Без всякой изготовки: тетушка Лёнка как сидела с кочергой перед пылающим печным зевом, Серафима Андреевна с пучком камыша на коленях, тетушка Верка, молчавшая весь вечер, - так и подхватили слаженным трехголосьем:

Но-о-очка тем-на-а-я-а...

Да но-очь осен-ня-а-я!

Зычиха с еще большим рвением и азартом повела следующий сольный запев:

Что ж ты, но-о-очень-ка-а,

При-и-тума-а-нила-ась?

И те трое, ободренные тем, что песня пошла сразу и никто не запнулся, не сфальшивил, вдохновенно продолжили вместе с Катеринкой:

Что ж, осен-ня-а-я,

Принахмури-и-ла-ась?

Тем временем Катеринка, сбросив наземь платок, неосознанно-машинально теребя в руках и мелко заламывая последнюю камышинку, парила голосом в тесном и слегка задымленном предпотолочье:

Или не-е-ет у тебя-а-а

Ясна меся-а-ца-а...

А остальные, сидя на полу и ритмично раскачиваясь, с басовой печалинкой вторили:

Или не-е-ет у те-бя-а-а

Ярких звездо-о-о-чек?..

Из сеней появилась бабушка Варя с мерцающим огнями самоваром и объявила, что, вопреки песне, месяц все ж таки народился.

От ее вести песня сразу сломалась, все, как были нараспах, поспешили наружу.

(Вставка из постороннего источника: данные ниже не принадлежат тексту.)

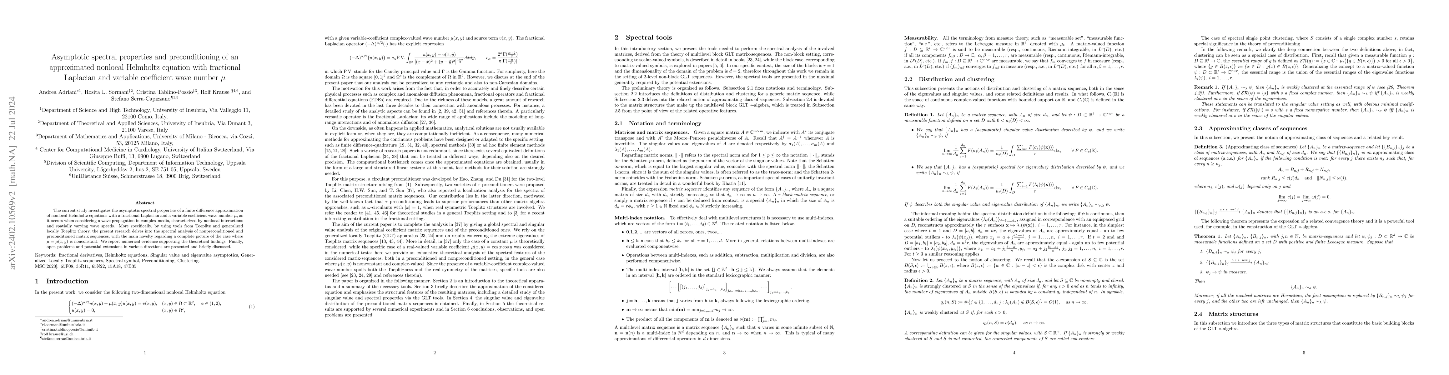 The current study investigates the asymptotic spectral properties of a finite difference approximation of nonlocal Helmholtz equations with a Caputo fractional Laplacian and a variable coefficient wave number $\mu$, as it occurs when considering a wave propagation in complex media, characterized by nonlocal interactions and spatially varying wave speeds. More specifically, by using tools from Toeplitz and generalized locally Toeplitz theory, the present research delves into the spectral analysis of nonpreconditioned and preconditioned matrix-sequences. We report numerical evidences supporting the theoretical findings. Finally, open problems and potential extensions in various directions are presented and briefly discussed.
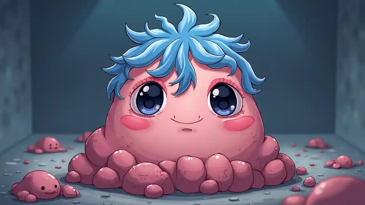 Anime, một loạt các sinh vật có thịt với đôi mắt đen rắn chắc và mái tóc màu xanh bao quanh nó.

Воспользовавшись суматохой, я тоже вышмыгнул на крыльцо, босой и без шапки.

И верно: высоко в морозной, звездно осыпанной ночи нежно-глазурованно голубел молодой остренький месяцок. С крыльца чудилось, будто он по-сорочьи вспорхнул на сенной торчок, чтобы разглядеть заветное колечко на колоде...

Я тогда еще не знал, что домочадцы так радостно и возбужденно высыпали за порог, дабы поклониться новорожденному и, по старому обычаю, побренчать на счастье чем-либо: денежкой ли, сережкой с уха или тут же оторванной пуговицей в сжатых ковшиках ладоней...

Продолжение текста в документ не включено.